Directions: Please return the data that follows precisely as written, but without the images.

____ Information provided

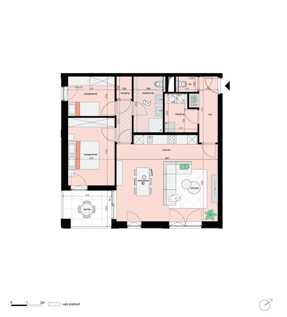Aan de leefruimte is er toegang tot het inpandig terras waardoor de gehele leefruimte geniet van veel lichtinval.
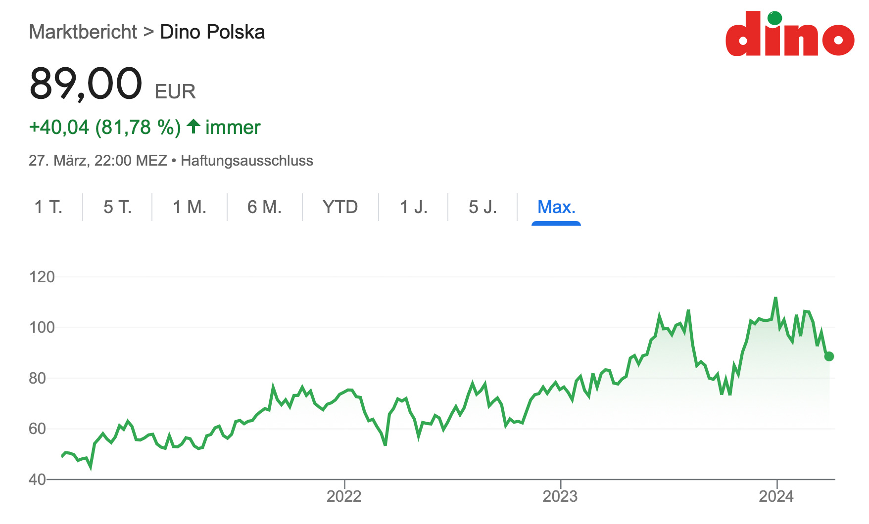 Dino Polska ist die größte Supermarkt-Kette aus Polen. Das Unternehmen betreibt unter der Marke Dino fast 1.500 Lebensmittelmärkte. Mittlerweile ist das an der Warschauer Börse gelistete Unternehmen fast 10 Mrd. Euro Wert!
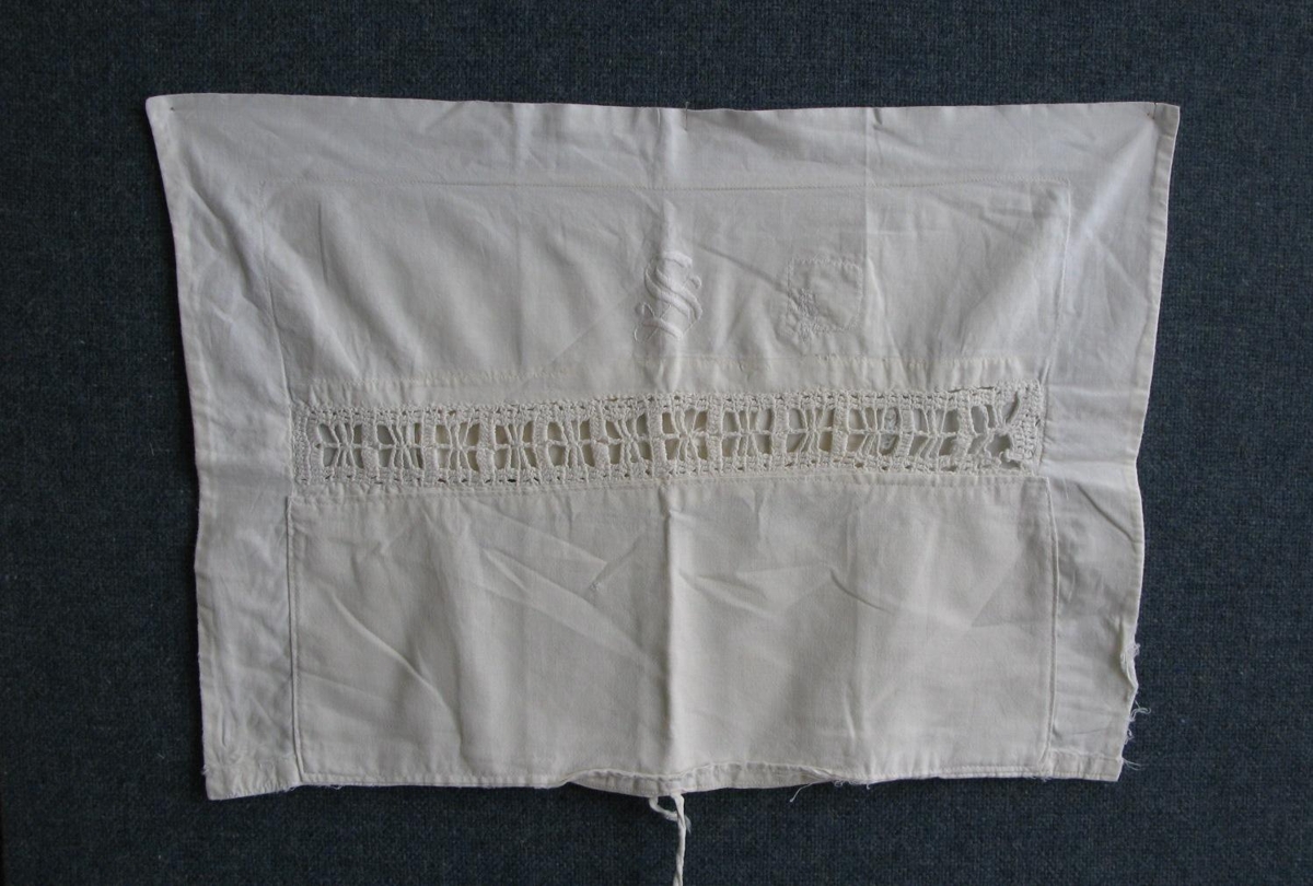 Hvítt koddaver sem líklega er gert úr hveitipokum. Heklað milliverk sem er 40x50 cm. Stafurinn S. (Anna Sigríður Olsen sem var móðir Ástu) er saumaður með flatsaumi. Koddaverið viðgert að framan en er rifið að aftan þó það sé marg viðgert.
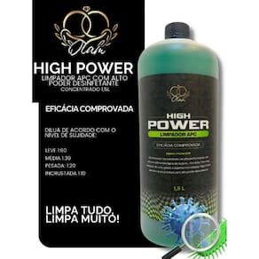 O HIGH POWER da Olam é um limpador multiuso concentrado de alta performance, desenvolvido para enfrentar os desafios mais exigentes da limpeza automotiva e profissional. Sua fórmula avançada remove com facilidade gordura, manchas, resíduos de cola, graxa e sujeiras incrustadas, garantindo resultados superiores em diversas superfícies.

________

Solved problem:
Aan de leefruimte is er toegang tot het inpandig terras waardoor de gehele leefruimte geniet van veel lichtinval.
 Dino Polska ist die größte Supermarkt-Kette aus Polen. Das Unternehmen betreibt unter der Marke Dino fast 1.500 Lebensmittelmärkte. Mittlerweile ist das an der Warschauer Börse gelistete Unternehmen fast 10 Mrd. Euro Wert!
 Hvítt koddaver sem líklega er gert úr hveitipokum. Heklað milliverk sem er 40x50 cm. Stafurinn S. (Anna Sigríður Olsen sem var móðir Ástu) er saumaður með flatsaumi. Koddaverið viðgert að framan en er rifið að aftan þó það sé marg viðgert.
 O HIGH POWER da Olam é um limpador multiuso concentrado de alta performance, desenvolvido para enfrentar os desafios mais exigentes da limpeza automotiva e profissional. Sua fórmula avançada remove com facilidade gordura, manchas, resíduos de cola, graxa e sujeiras incrustadas, garantindo resultados superiores em diversas superfícies.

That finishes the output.